My Puppy: In Gratitude

He’s a pain and he knows it. I’ve held him since he was little until he became too big. He has the eyes of an innocent that you can’t say no to. I see him and all I can remember is the very first time I held him and didn’t want to let go. Deep down he was scared and I knew it. He’d cry when he was lonely and I’d come to the rescue. He knows every time it’s me coming to the door. He’ll be right there, ready to wag his tail and put on a big smile. He’s still a puppy in my eyes and no one can tell me otherwise.

He knows when I’m having my bad days. He knows it without a doubt. Although he isn’t  crying, he’s there waiting for me. He presses his hairy body on the door, staring off towards the street. When I go outside and sit on the stairs with him, he rubs his body against my leg, letting me know to pet him. Then he sits in front of me, facing the street, and turns his head towards me slightly, smiling, letting me know he’s happy.

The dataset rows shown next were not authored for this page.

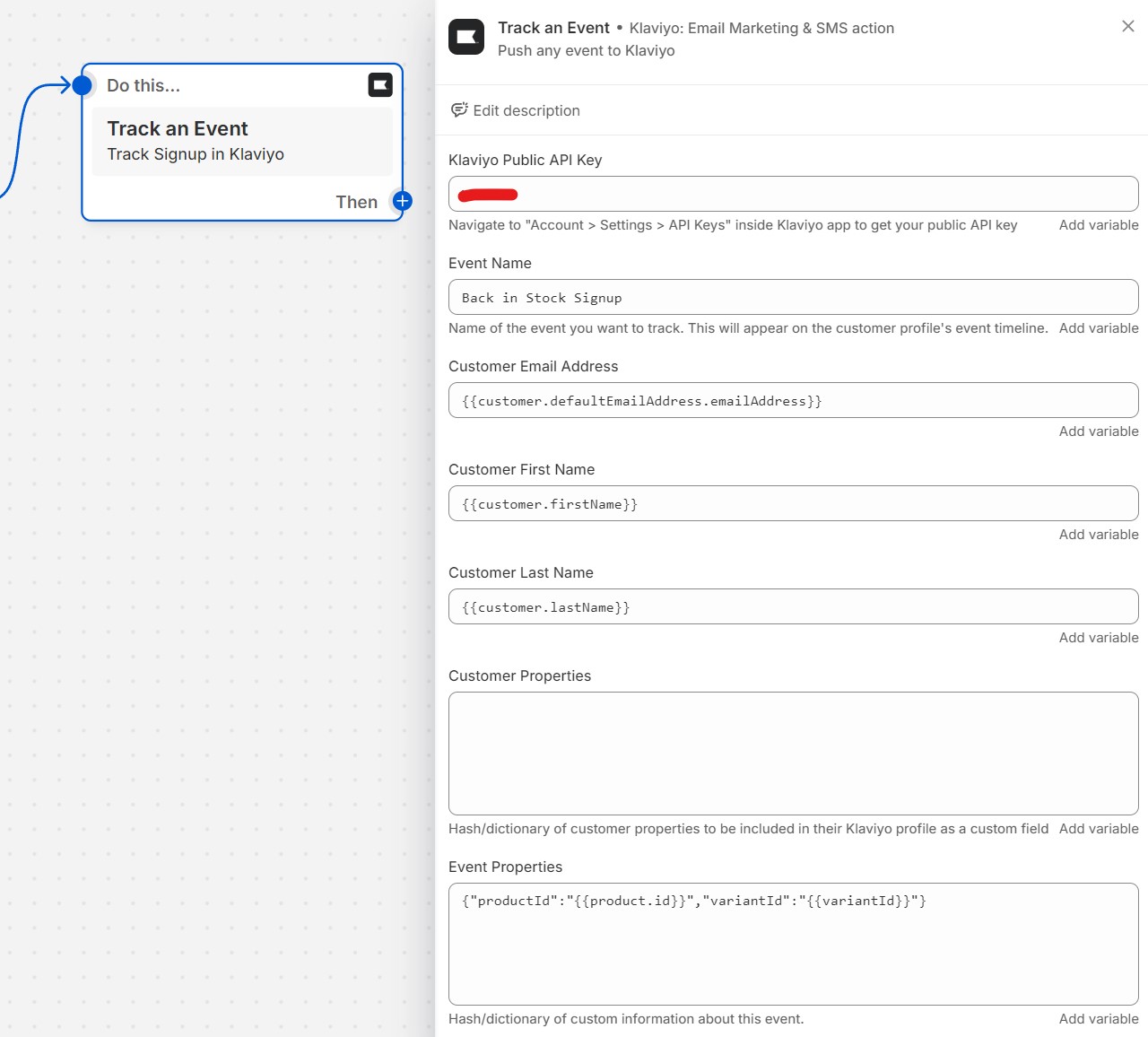 Fill in the form fields, including your Klaviyo Public API Key (can be found in your Klaviyo settings). Name your event however you'd like, and enter the following variables to pass through the relevant customer information:
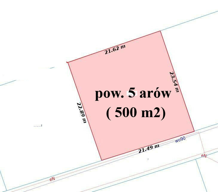 Teren o powierzchni 500 m2, płaski, równy, zbliżony do kwadratu. Na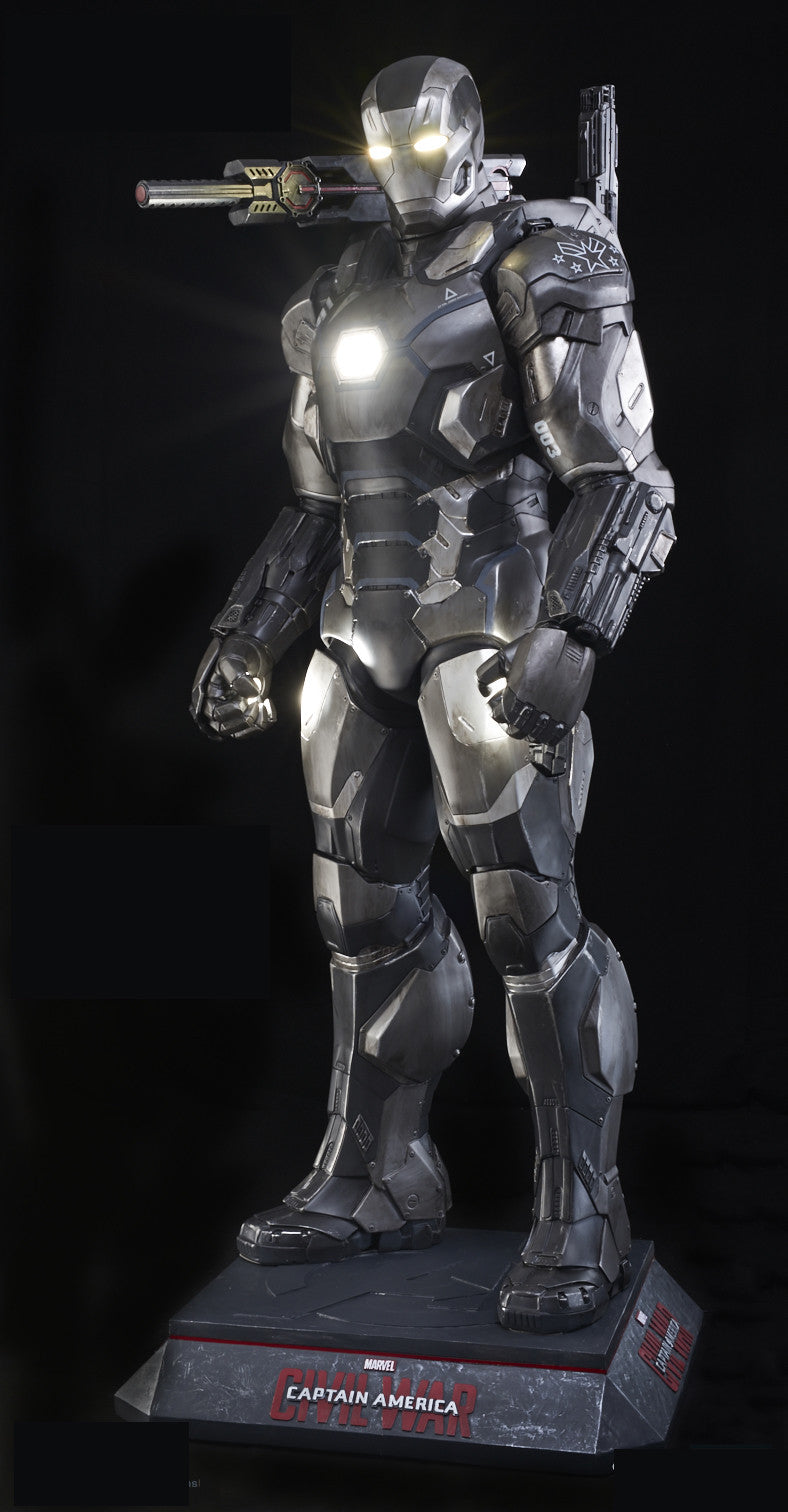 From box office smash, CAPTAIN AMERICA: CIVIL WAR, comes Colonel James Rhodes’ updated?War Machine Mark III suit of armor life-size statue.?Recreated in full scale in screen-accurate detail, this is a sight to behold in person. At a towering 84' inches tall and equipped with his signature back-mounted machine gun and baton, as well as LED lights matching his onscreen appearance (eyes, chest and repulsers), this Avenger commands attention.?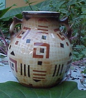 #XX1-Czech Art Deco Pottery 2 handled Vase Airbrushed Spritzdecor in an Aztec design imported by the Celebrate company probably produced by the BIHL factory ---$55.00--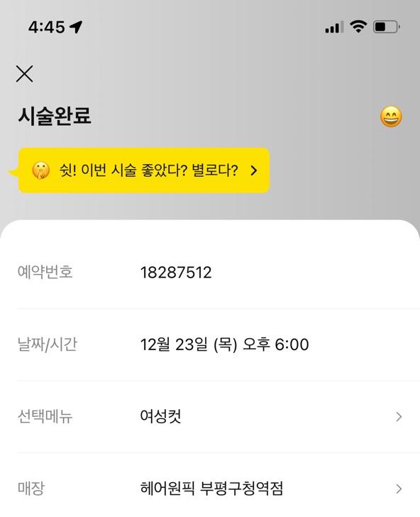 시술해준 미용사분이 설명도 잘 해주면서 커트 진행해주셨어요.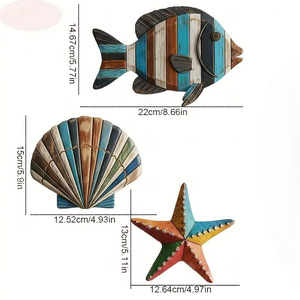 跨境热销1套色彩缤纷的海洋艺术-木质海鱼-贝壳-海星农舍风格装饰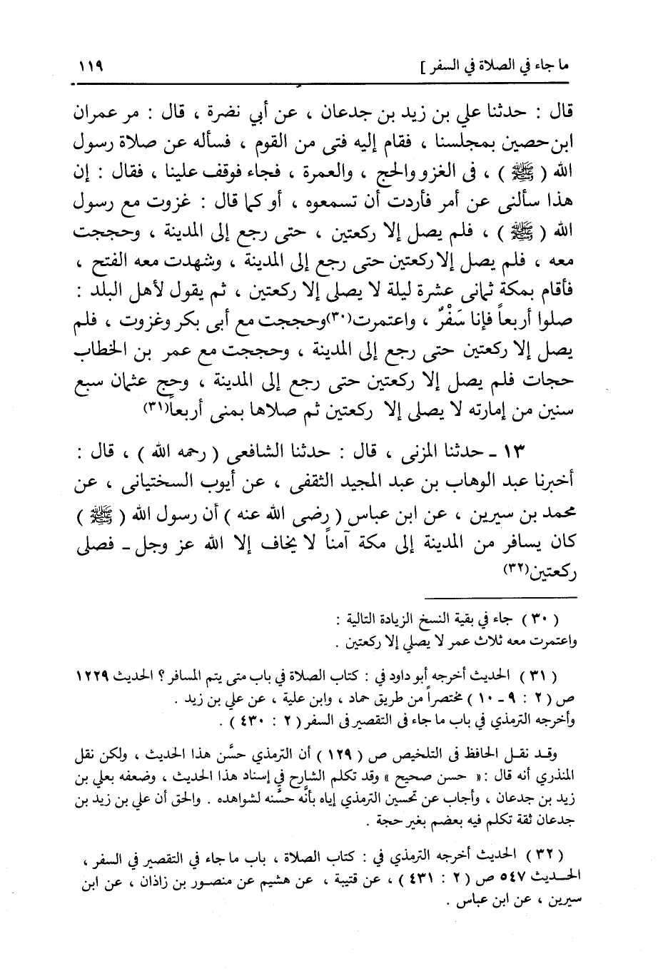 13 - وَأَنْبَأَنَا عَبْدُ الْوَهَّابِ بْنُ عَبْدِ الْمَجِيدِ الثَّقَفِيُّ، عَنْ أَيُّوبَ السَّخْتِيَانِيِّ، عَنْ مُحَمَّدِ بْنِ سِيرِينَ، عَنِ ابْنِ عَبَّاسٍ، رَضِيَ اللَّهُ عَنْهُ أَنَّ رَسُولَ اللَّهِ صَلَّى اللهُ عَلَيْهِ وَسَلَّمَ كَانَ §يُسَافَرُ مِنَ الْمَدِينَةِ إِلَى مَكَّةَ آمِنًا لَا يَخَافُ إِلَّا اللَّهَ عَزَّ وَجَلَّ , يُصَلِّي رَكْعَتَيْنِ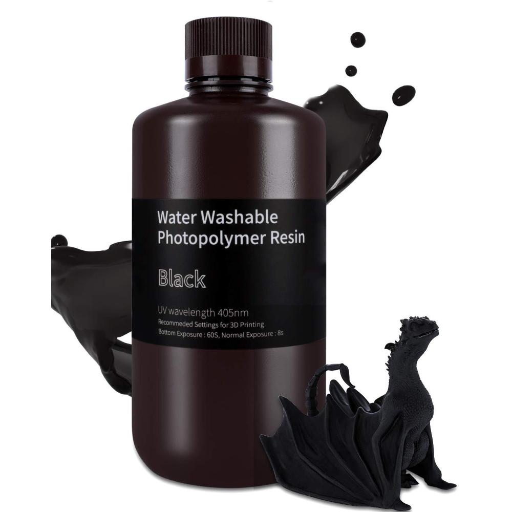 ELEGOO 8K Water Washable 3D Printer Resin, Low Odor, High Precision, 405nm Rapid UV Curing Photopolymer Resin for Mars Saturn Jupiter LCD DLP MSLA 3D Printers, Space Grey 1000g(Black)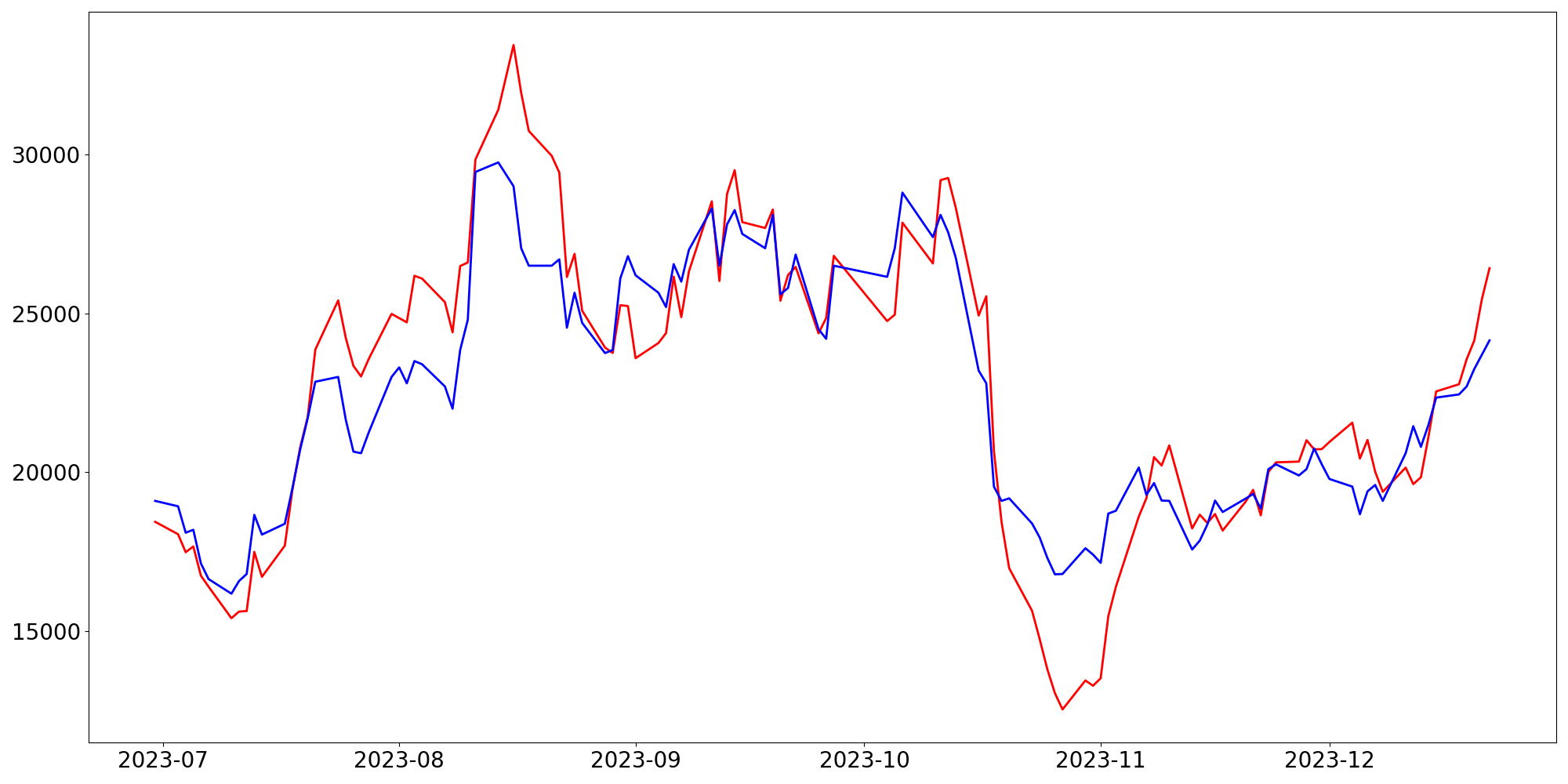 [ - : 실제값(종가) / - : 예측값(종가) ]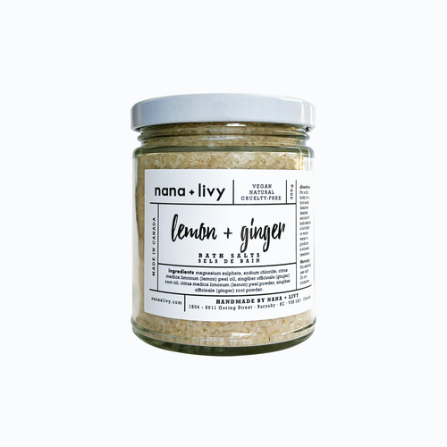 Handcrafted with ingredients for an extra skin boost, Lemon + Ginger Bath Salts will give you the most lemony and therapeutic bath experience by improving your blood circulation and nourishing your skin.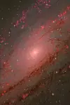 Bildet viser svært mange detaljer rundt den tette galaksekjernen hvor det også er mange stjerner.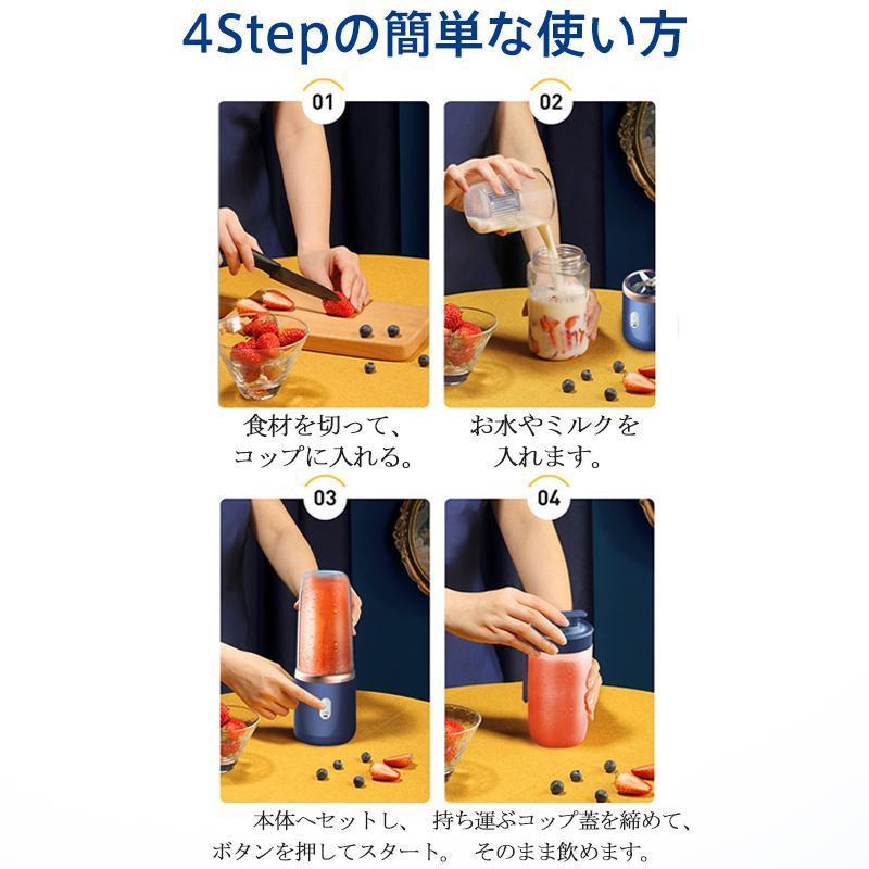 ミキサー ジューサー 丸洗い可 携帯ジューサー ハンドミキサー 小型 洗いやすい USB充電式 持ち運び便利 氷も砕ける ブレンダー スムージー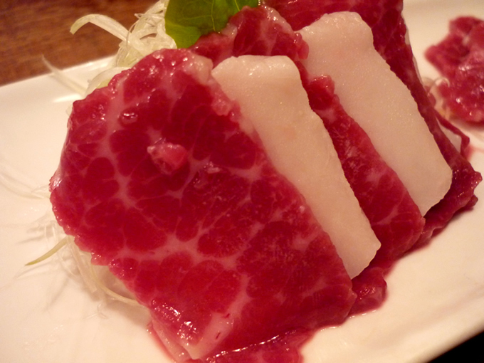馬肉と一緒に添えられた、白い「たてがみの脂」。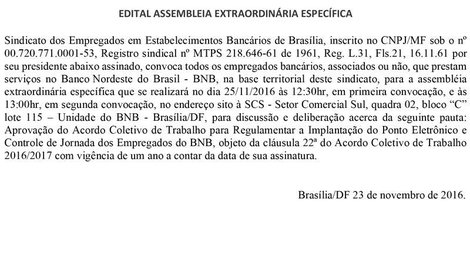 O Sindicato convoca os bancários, associados ou não, do Banco do Nordeste do Brasil (BNB) para assembleia extraordinária específica, nesta sexta-feira (25). A primeira convocação será às 12h30 e a segunda, às 13h. A reunião acontecerá na unidade do BNB localizada no Setor Comercial Sul (SCS, Quadra 2, Bloco C, lote 115).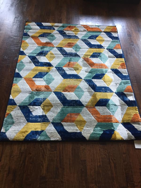 I got this rug for my teen boys’ room. The colors and shapes are super cool and vibrant. They just love it! This is a quality rug that lays nice. It has nice edges that haven’t curled and lay flat. It has a nice thickness to it as well.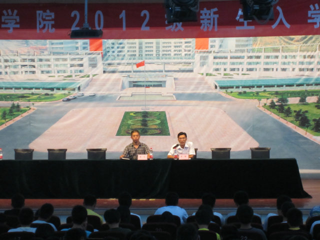 张景瑞向新生介绍了学校的历史以及近些年来的发展状况,并对新生提出了几点希望和要求:首先要求大家不断学习,不断充实自己,利用大学的美好时光多求知多进取;其次号召同学们要保持高尚的节操,学会感恩,学会宽容,己所不欲,勿施于人;然后希望大家尽快适应大学的生活,加强自我管理;最后鼓励大家要志存高远,做一个有理想有抱负的大学生。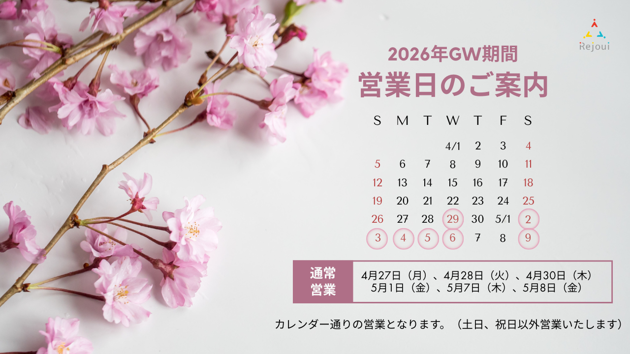 2026年のゴールデンウイーク期間は、カレンダー通りの営業となります。(土日祝日のみ休業)
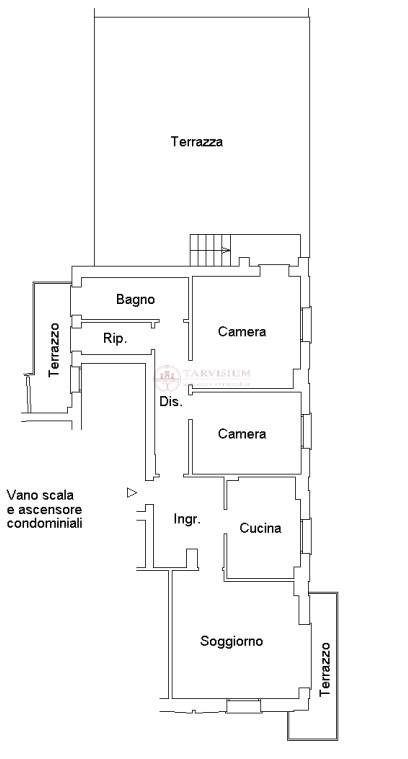 Composizione interna: ingresso, cucina separata, soggiorno, corridoio, due camere da letto, bagno, lavanderia.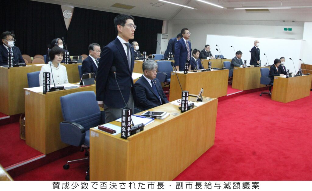 市会計年度任用職員による公金私的流用の発覚に伴い、市長、副市長の給料を1か月間、10分の1削減する特例に関する条例案は、採決の結果、反対11、賛成4で否決された。議員からは「減給で幕引きでは再発防止につながらない」「公表基準を見直し、処分の厳格化を求める」などの反対意見があった。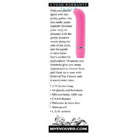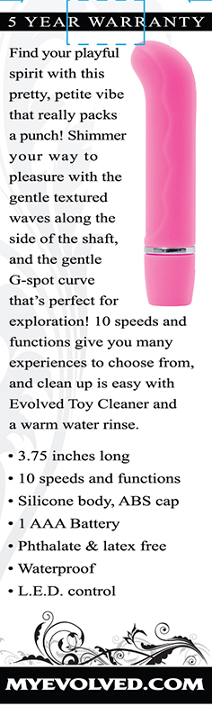 Find your playful spirit with this pretty, petite vibe that really packs a punch! Shimmer your way to pleasure with the gentle textured waves along the side of the shaft, and the gentle G-spot curve that's perfect for exploration! 10 speeds and functions give you many experiences to choose from, and clean up is easy with Evolved Toy Cleaner and a warm water rinse. - 9.5 cm (3.75 inches) long - 10 speeds and functions - Silicone body, ABS cap - Requires 1 AAA battery - Phthalate & latex free - Waterproof - L.E.D. control

He protects and he cares. He stays there and guards the house, making sure nothing will head our way. He’s quick on his feet and alert. He barks at the people who head towards the house that he doesn’t know, warning them not to come in. He waits for my “It’s okay, Tobi” to insure it’s fine for them to pass by and continues to wag his tail.

He knows what time I get home. Before I show my face, his face is over the fence, peeking through. He knows it’s me walking his way. It’s either him on top of the stairs searching for me or him waiting for me to scream his name. Either way he is always there, more than excited to see me come home to him.

He’s a good boy, but he also has his tough days too. When he feels he’s not given attention, he cries. When no one is being playful with him, he prevents us from going in the house by biting our shoes. He may be two, but he sure acts like a puppy. He’s chewed up more blankets than I have ever owned and more beds than I can count. His energy can be stressful from time to time, but he always manages to trick us into believing he’s innocent. Who could blame him? He’s adorable. He gets so spoiled by everyone in the family, obviously I get a little jealous. Like c'mon, he has his own big house, he wears fashionable sweaters, he gets belly rubs, gets told he’s a good boy, gets numerous treats, gets to be lazy at home all day everyday, and doesn’t has to stress about anything. He loves the attention.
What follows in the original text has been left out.